An array of government agencies and associations have issued joint "guidance" on the dangers of "creative mortgages". Here's the press statement from The National Credit Union Association, and another headed up by the Office of the Comptroller of the Currency.

My first reaction was "Where the %$#! were you guys two years ago when the bubble was first blossoming?" Greenspan was cutting rates like the Iron Chef to spur the economy through home buying and price appreciation, and now it's a problem?

Sigh. Day late, dollar short, closing the barn door after the tornado hits, pick your cliche. Still, at least they're actually paying attention now.

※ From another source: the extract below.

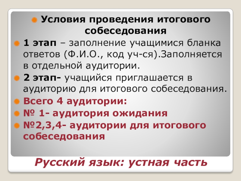 2 этап- учащийся приглашается в аудиторию для итогового собеседования.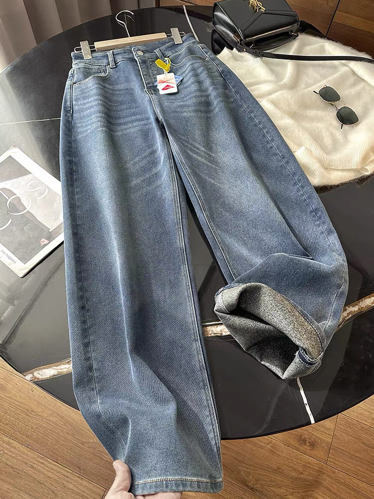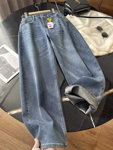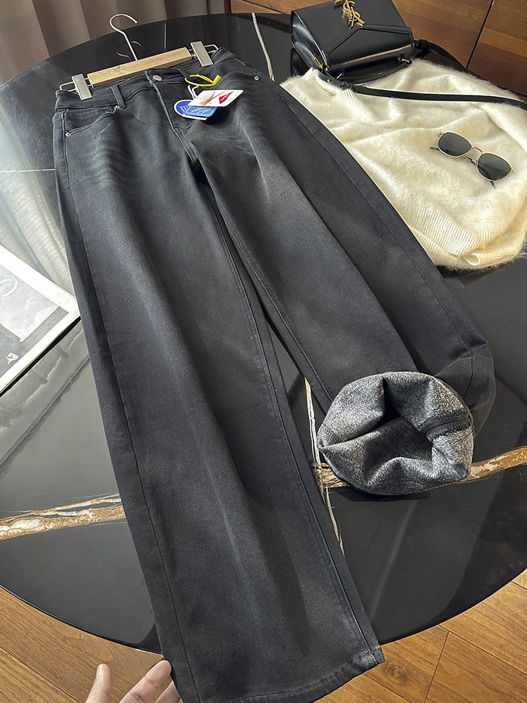 直筒加厚加绒植绒牛仔裤 保暖舒适王炸款 型巨好显瘦窄版 版 女 冬季

No doubt the OCC realizes that its mandate to raise minimum credit card payments will probably cause many stretched homeowners to default on at least one payment area, so they're trying to soften the blow by ending the reliance on no-document loans and ARMs to keep the market propped up. But, as a certain f$!ked borrower points out, as long as there's money to be made by pushing those loans and brokers earning their 6 percent, the increasing creativity of mortgages will continue.

This's another reason why I champion discount brokers and Internet sellers. Not only do we cut out the middleman, but we save you more money on the front and back end. Brokers don't pressure you into making a deal because they like you...it's because they want their pound of flesh. And in this market, it's Venice and everyone is Shylock.